Diamond Dogs is a blindingly annoying misstep of an album, endeavoring to add "experimental" and "innovative" qualities to the glamminess of Ziggy and Aladdin Sane, but resulting mostly in incoherent shit.

As with several of Bowie's mid-70s albums, this one has a ton of spotty patches and a few good songs, the overall effect being passable at best, but there's so much calculated "noisy craziness" on this album that it's rendered quite throwaway. Any album where "Rebel Rebel" comes as a welcome relief is simply not the greatest album ever made.
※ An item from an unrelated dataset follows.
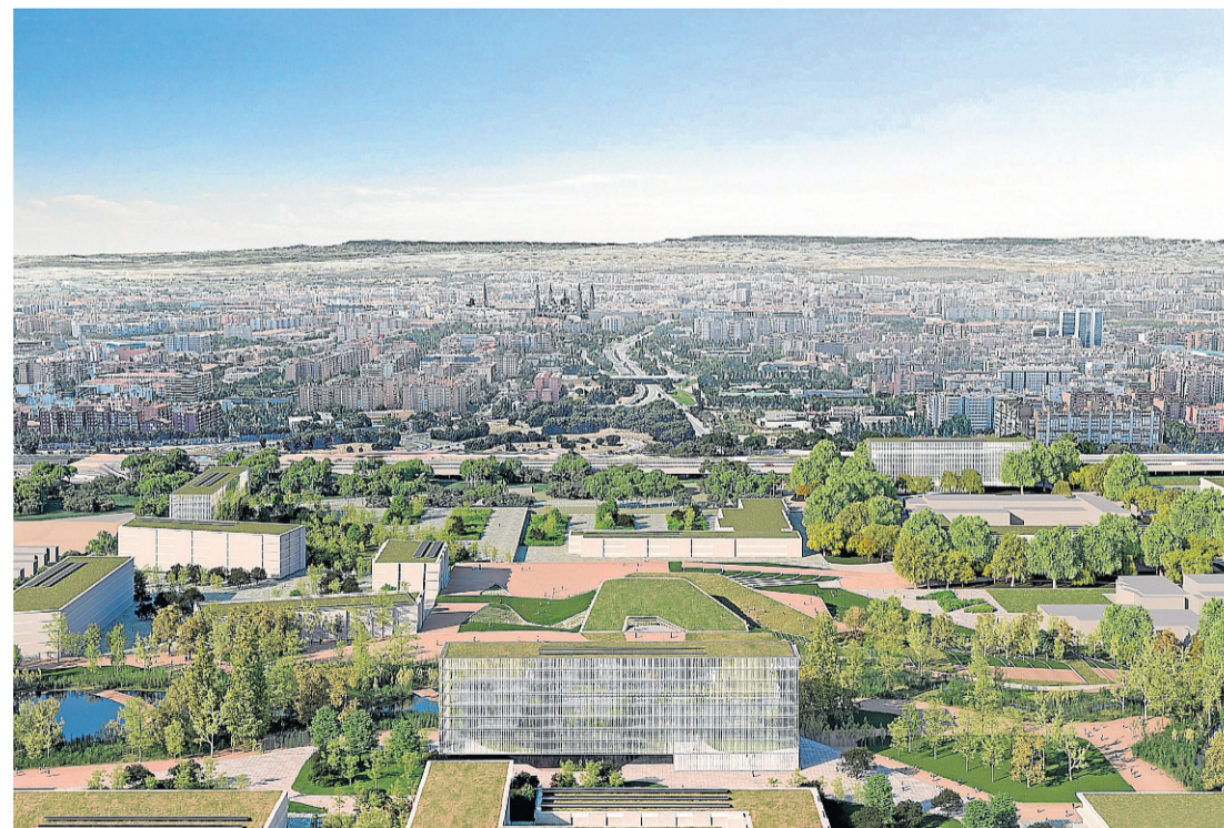
Recreación de parte del parque tecnológico, con su edificio emblemático en primer término. IDOM

Bowie's glam period is highly regarded by rock critics and other white people, and this one has its cult following as do most of those albums. But from its unpleasant cover art on, this is just an ugly affair. The first sound you hear is a retarded moan, leading into the unlistenable spoken-word bullshit of "Future Legend," the music of which manages to use the melody to "Bewitched, Bothered, and Bewildered" and render it horrible.

This is a prelude to the fake-live "Diamond Dogs" which is just another of the hundreds of glam rock "classics" that is really no better than "Johnny B. Goode" at the end of the day (that wasn't a compliment). Those crazy gurgly background vocals might have sounded alright in 1974 (and/or on debilitating amounts of cocaine) but the sonic assault does not seem to serve a greater purpose.
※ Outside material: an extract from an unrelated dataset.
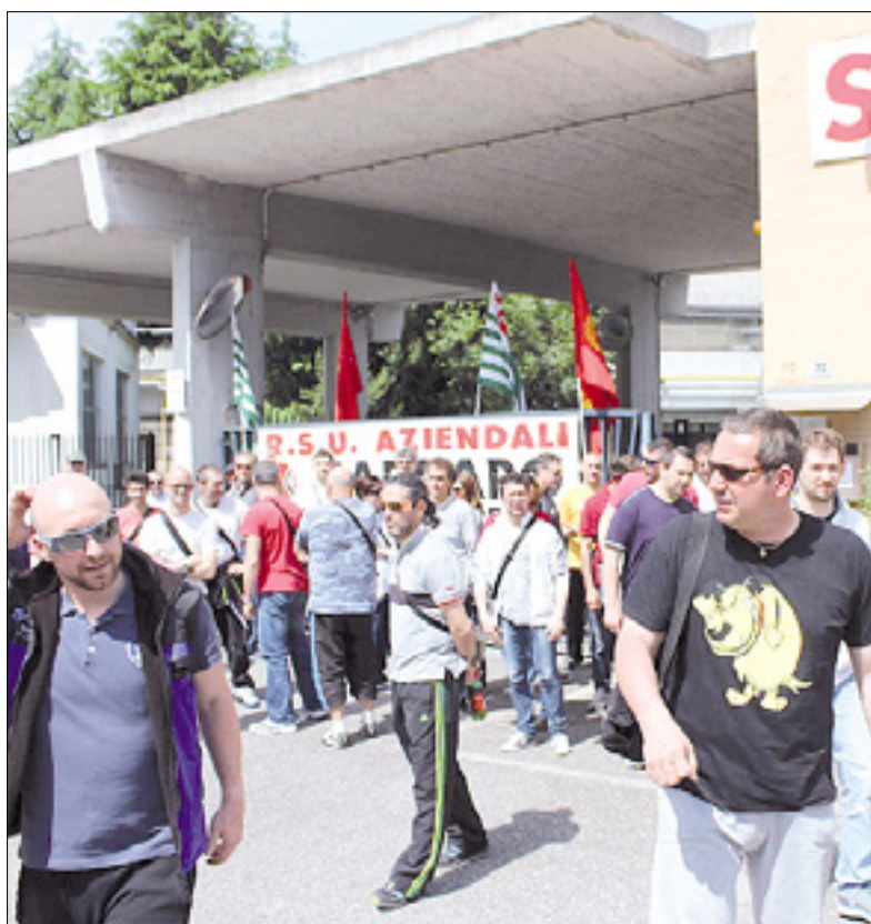
Delavci tovarne Siap pred tovarno

V pričakovanju na posredovanje politike so obupani delavci na torkovi izredni skupščini odločili za prekinitev proizvodnje in zasedbo tovarne, dokler si ne bo vodstvo družbe Carraro premislilo in preključilo odločitve o zaprtju. Včerajšnji dan so preživeli pred glavnim vhodom v Ulici Brigata Casale v Stražah, kjer so zaplapolale zastave sindikalnih združenj. Namestili so tudi transparent enotnega sindikalnega

Bowie has used noise to good effect, but Diamond Dogs just comes off as self-loathing, an uncomfortble excursion for artist and listener alike.

"Sweet Thing" is bland, "Candidate" is unlistenable, and "Rebel Rebel" everyone knows. To its credit, this song sounds much better in the context of the album than isolated on the radio (as with "Saturday Night's Alright For Fighting" and "I Can See For Miles"). It's probably helped a lot by the fact that "Candidate" is so fucking awful, almost anything would be a treat afterward.
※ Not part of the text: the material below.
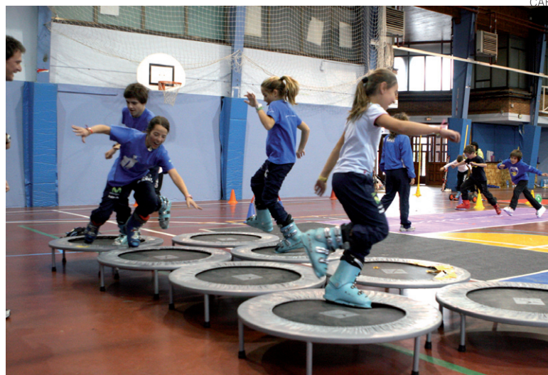
Entrenamiento en seco para ultimar la forma para la nieve.

Strangely, the bonus track demo version of "Candidate" tacked on at the end of earlier editions of the disc reveals it to be quite a good song, as it lacks the miserable guitar "revolution." The bonus tracks have been excluded in Virgin's reissue series, though.

Side 2 picks things up a bit with "Rock 'N Roll With Me" (a very good proto-power-ballad), and "We Are the Dead," which isn't a wonderful song but at least contains the phrase "defecating ecstasy" and the line "I love you in your fuck-me pumps."

"1984" and "Big Brother" are way too self-important, and closing with "Chant of the Ever Circling Skeletal Family" (best described as "Miss You" by the Rolling Stones crossed with "The Monster Mash") only illuminates the desperate and half-assed nature of the whole album.

It's still a Bowie album, and therefore will always hold some interest … I do find that my attitudes toward many of his records shift around over time. For this moment, though, I have still yet to grasp what might be likeable about Diamond Dogs. As with cocaine, you don't start liking it more the deeper you get into it, you just get increasingly disconnected. Perhaps with this type of thing, it's best to just avoid trying to acquire the taste.